Collections
Our Cambridge Collection has changing exhibitions about Cambridge. Much of our collection is in storage to ensure its preservation for future generations.
Brewery (Empire Street)
The brewery in Brewery (now Empire) Street provided a service to the district for many years producing vats of pure amber beer and cordial. In the 1940s it was suggested as an air raid shelter for Cambridge but it was found to be good only as storage and perhaps a mortuary. It was in a bad state of repair with rotten timber, borer and rusting iron.

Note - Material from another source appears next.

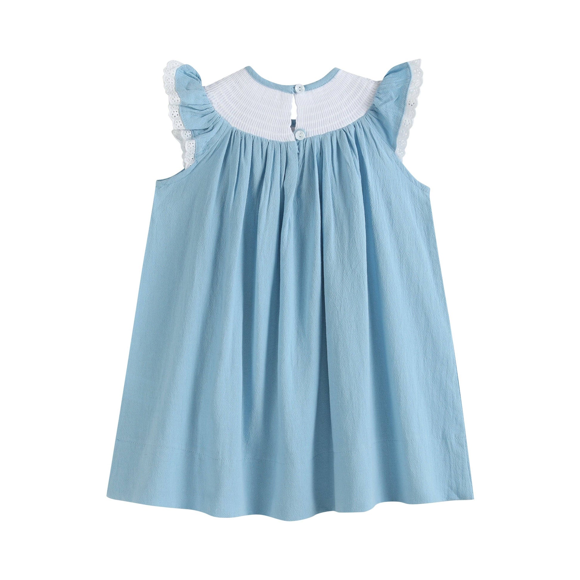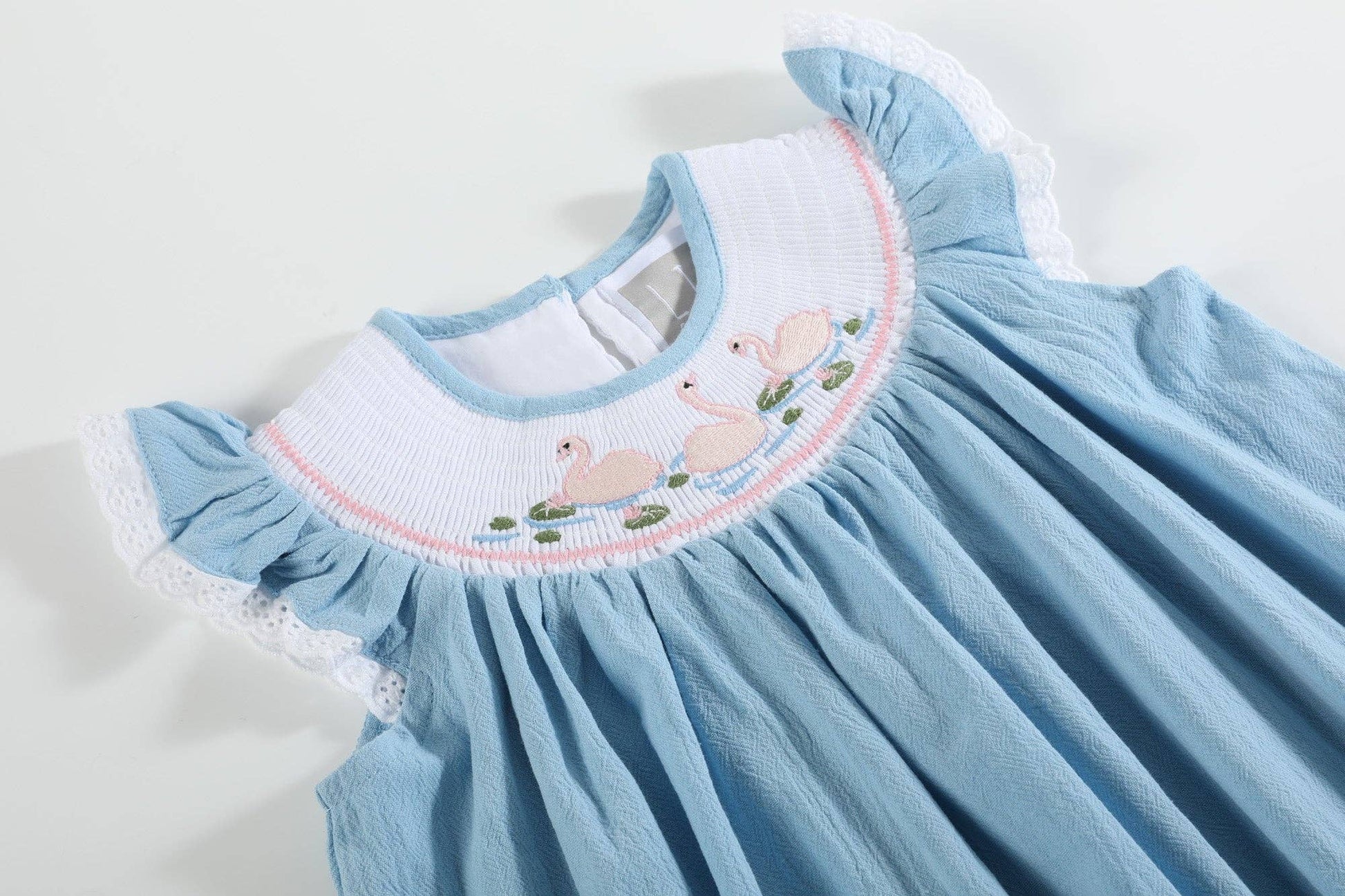 Introducing the enchanting Light Blue Swan Smocked Bishop Dress, a darling ensemble for your little princess. Adorned with delicate smocking around the neckline, charming embroidered swans, and elegant lace detail on the sleeves. Exclusively crafted by Lil Cactus, it's the epitome of grace and style for your little one's special moments.

Hallys’ Brewery was built by the Hally brothers in the 1870s and under their ownership was conducted as a brewery and cordial factory. After a number of years the business was sold to Mr Edward Cussens then later sold back to the Hally Brothers and run only as a cordial factory. Another change of ownership was made and Mr Hector Amos continued to make cordials until it was finally closed down prior to World War One.
The stones used in building the two-foot thick walls came from the river below the Fergusson Bridge. This section of land had been allocated to Sergeant Charles Chitty of the 3rd Waikato Militia and to his chagrin was found to be almost devoid of soil – only a thin layer covering solid rock.
At the time that the construction of the brewery was being considered arrangements were made with Sergeant Chitty to take the rock from his section.
Stories were told of occurrences incidental to the process of brewing: of a wild Irishman who elected to bathe in one of the vats and was discovered by an irate manager ‘in liquor’ in every sense of the term; of bumble bees deceived by a similarity of colour becoming well and truly ‘primed’; and of the brewery pigs showing all the manifestations of having had ‘one over the eight’.